[blindLaw] Reviewing a financial statement and other accounting documents

graham.hardy at gmail.com graham.hardy at gmail.com
Sun Jun 5 03:07:06 UTC 2022


I have the standard version of FineReader 15 for Windows. I'd assume but have no information as to whether the Mac version is comparable.
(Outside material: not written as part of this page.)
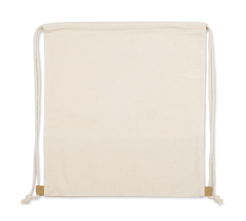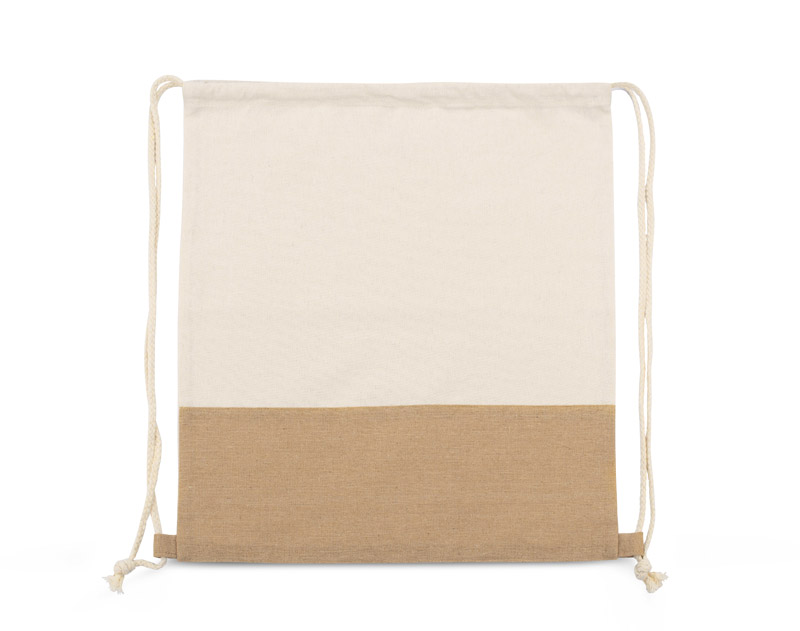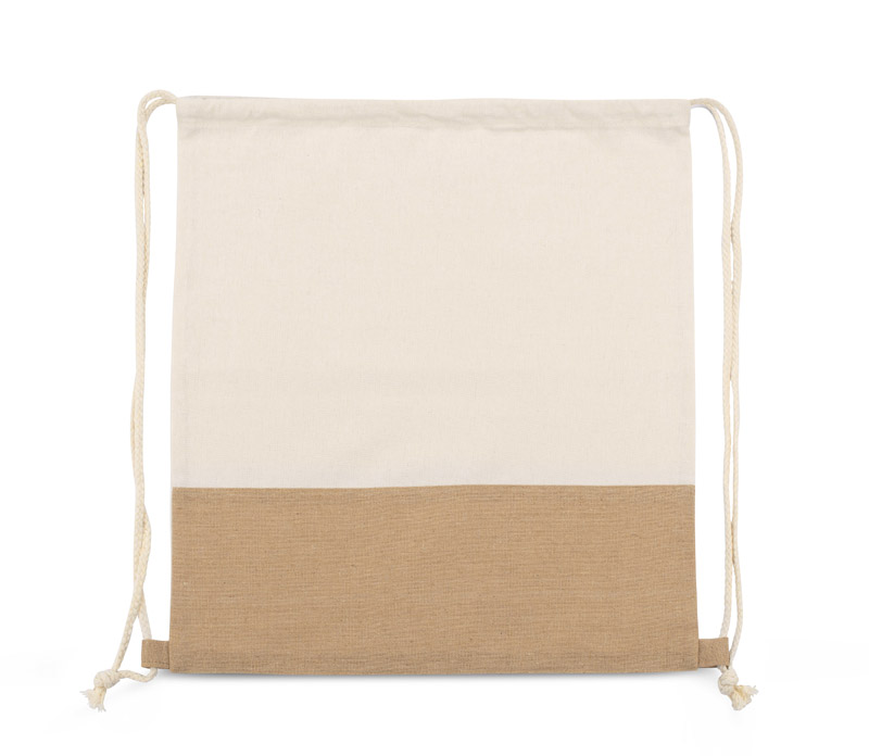 Worek JUTIK wykonany jest z bawełny (160g/m2) połączonej z materiałem podobnym do juty. Całość wygląda bardzo naturalnie i ciekawie. Worek jest jednokomorowy, zaciągany na bawełniane sznureczki.
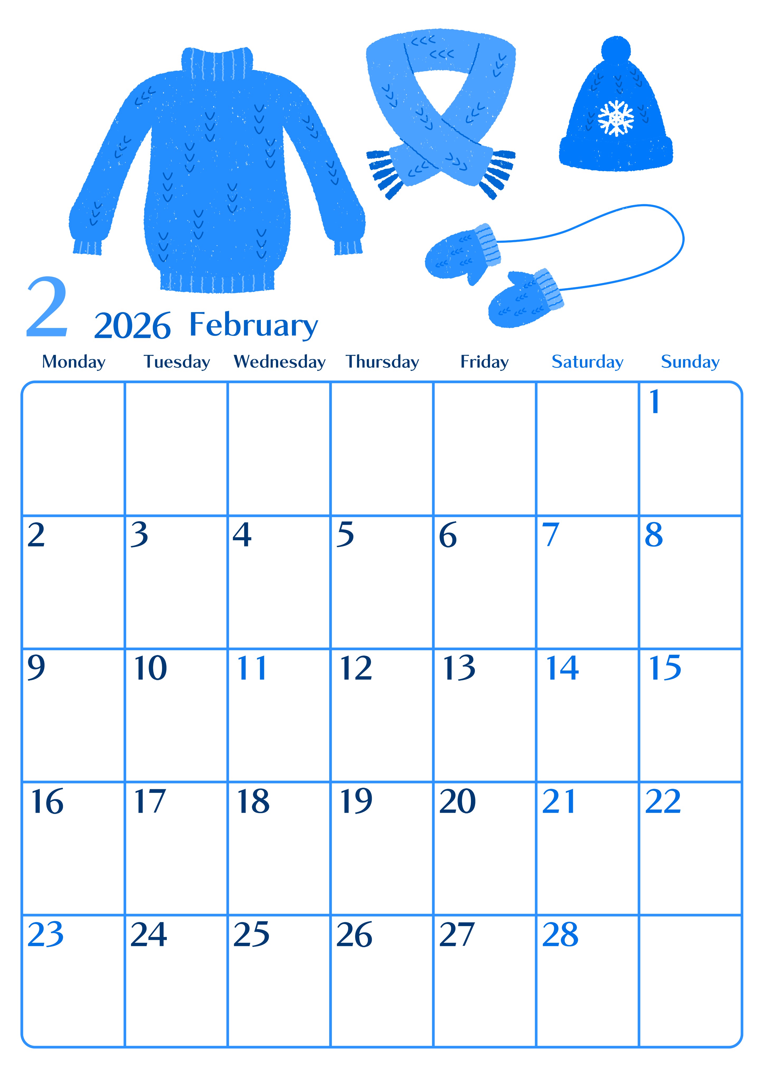 2026年・無料のカレンダーテンプレート 2026年2月縦型月曜始まり イラストのおしゃれA4無料ブルーのカレンダー(2026-00900211) 素材状デザイン王 2025年4月4日 2026年2月縦型月曜始まりの無料テンプレートブルーのカレンダーです。カレンダーに実用性だけでなくおしゃれさも求めている方におすすめです。(2026-00900211) 2月 縦型のカレンダー 月曜始まり ブルー カレンダーデザイン-0090

In Windows at least, ABBYY re-branded a more lightweight program that used to be a stand-alone PDF editor as what you get when you open the FineReader entry in the start menu. What I'm referring to is installed alongside the standard version of FineReader and appears in the Start menu as "ABBYY FineReader 15 OCR Editor". Once in that program and once you have imported images, you can access the commands I was referring to under the "Area" menu.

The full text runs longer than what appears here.